'Homicide' wraps with arresting drama
Homicide: Life on the Street" didn't attract as big an audience as "N.Y.P.D. Blue," but it had a dedicated viewership when the TV drama series ended last August after seven seasons.
And now it's back for one final mega-episode, Homicide: The Movie (NBC, Sunday, Feb. 13, 9-11 p.m.). The story is as gripping, sobering, and grimy as ever. For regular viewers, there's the satisfaction of tying up loose ends. For casual viewers, it will stimulate a taste for more of this richly layered police drama. (Well, there's always syndication.)
In the first few minutes of the show, police Lt. Al Giardello (Yaphet Kotto) is shot by an unseen assailant as he gives a political campaign speech.
As a candidate for mayor of Baltimore, he has plenty of enemies, but he has friends too, all of whom come running from retirement, new professions, and vacations to find "G's" shooter. One way or another, the entire cast has been reassembled - even those who "died" during the run of the show.
But none are brighter or more tenacious than Frank Pembleton (played by Emmy-Award winner Andr Braugher) and Tim Bayliss (Kyle Secor), old partners who team up again to nab the bad guys, as G fights for his life.
Two parallel stories, one left over from last season's closer, illumine each other. When the judicial system fails the people (as it does very often), even a good man may be so disillusioned with its inequities that the line between good and evil seems to blur for him. And, indeed, one cop steps over the line.
Searching for G's assailant, the police visit suspect white supremacists and a black-power hate group, people who think they have the right to take the law into their own hands. These scenes underscore the conscience at the center of the story.
We understand the temptation to seek vigilante justice. But all the chaos such action generates unfolds with penetrating realism - there is nary a false or sentimental note throughout the story - except perhaps at the end when we are given a look inside the anteroom to heaven.
Aside from that one false note, writer-director Barry Levinson ("Wag the Dog," "Rain Man") searches out the fundamental truth of his moral vision in the stuff of police work, crime, and conscience, and makes that truth authentic.

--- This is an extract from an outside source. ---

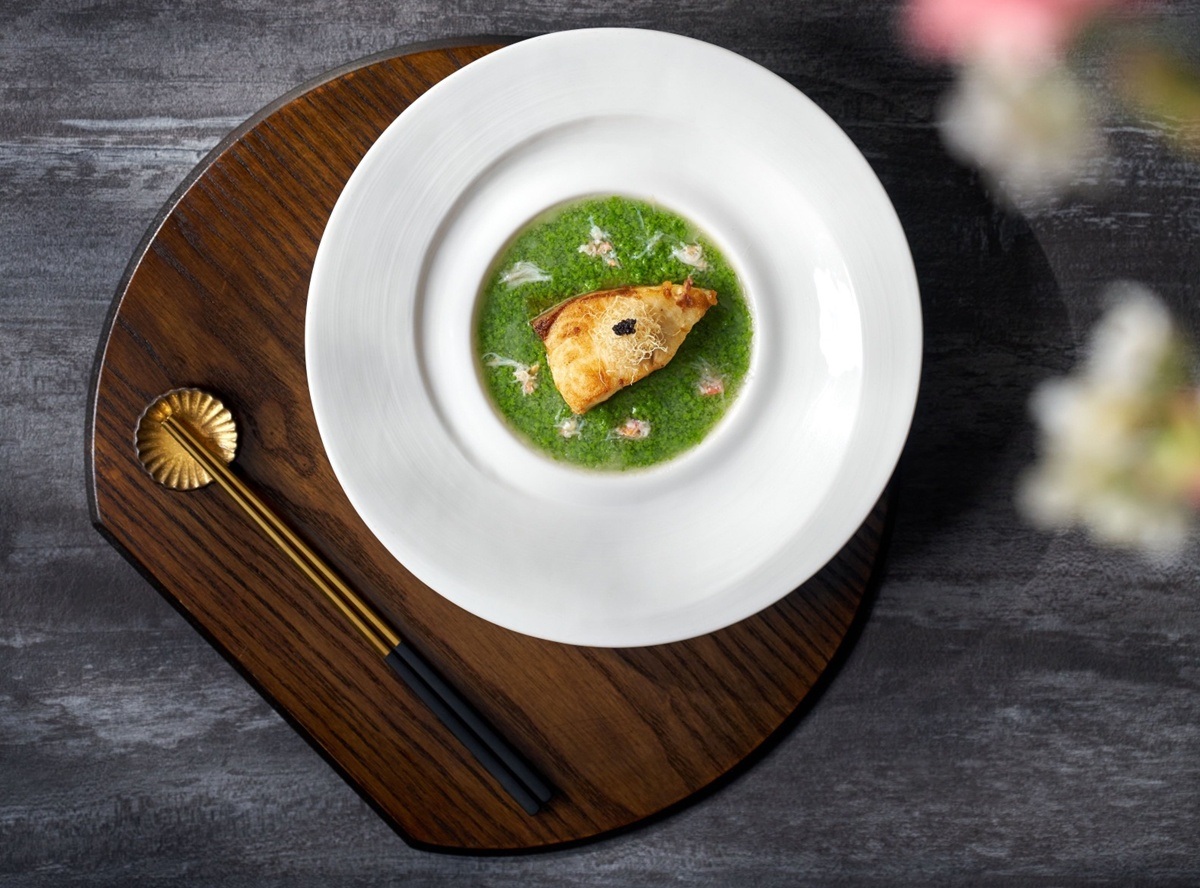 台北福華大飯店蓬萊邨重現1923年裕仁皇太子來台的皇家宴席,將百年失傳的御宴料理以台菜為骨、法魂為韻,打造一場跨越時空的美饌盛宴。主廚陳冠閔以精緻料理手法,將傳統台菜的厚實底蘊與當代餐飲的美學細節融合,讓饕客在台北就能感受猶如皇室般的尊榮味覺旅程。

Like so many other cop shows on TV, the emphasis lies in how hard the job is, how dehumanizing, and how inured to horror individuals become in the line of duty. But unlike many of the others, "Homicide" manages to reveal the officers' personalities while maintaining a kind of mystery - these cops are always set a little apart from us.
That distance was partly maintained aesthetically. Hand-held camera work, spinning movement, jump-cut editing, and other avant-garde filmmaking techniques give the show a raw, lively presence. It's the kind of filmmaking that might be obnoxious (and some critics found it so) in the hands of lesser directors, but usually remained fresh and occasionally even inspired here.
The "Homicide" movie includes some of the best of this approach. The titles are particularly artful - and rather agitating. We feel the tone of the film before it even starts - the mean streets, the selfish madness of crime, and the sorrow it creates.
The call of duty can be very costly to those who answer it. Police shows and war movies always investigate the brotherhood of men and women at arms.
In "Homicide: The Movie," the blue brotherhood sustains the cops, prompts quick and assertive action in apprehending the police chief's assailant, and leads to one man's heart-rending confession.
Poignant 'All the King's Men'
A week later in Masterpiece Theatre's All the King's Men (PBS, Sunday, Feb. 20, 9-11 p.m.), the brotherhood of men-at-arms leads down a more poignant and terrible path.
During World War I, a company of soldiers was raised and trained on King George V's estate at Sandringham, England, under Capt. Frank Beck. These grooms, servants, and gardeners were engaged in the fatal invasion of Turkey. Based on new evidence of the battle of Gallipoli, the film investigates the disappearance of the Sandringham company.
Captain Beck, the estate manager, is like a father to his young men - some of whom were never cut out for battle. Having grown up together on the estate, and having looked to Beck their entire lives as their leader, they are unusually tightknit. Their individual stories are modest and genuine. So much of the men's idealism voiced in the film reads as naivet after all the war movies and antiwar movies western culture has produced.
But there is something especially moving about this film. A fine script and Masterpiece Theatre's trademark luminous acting (Maggie Smith plays Alexandra, the queen mother) give the story real sand. And the truth behind the tale gives it heart.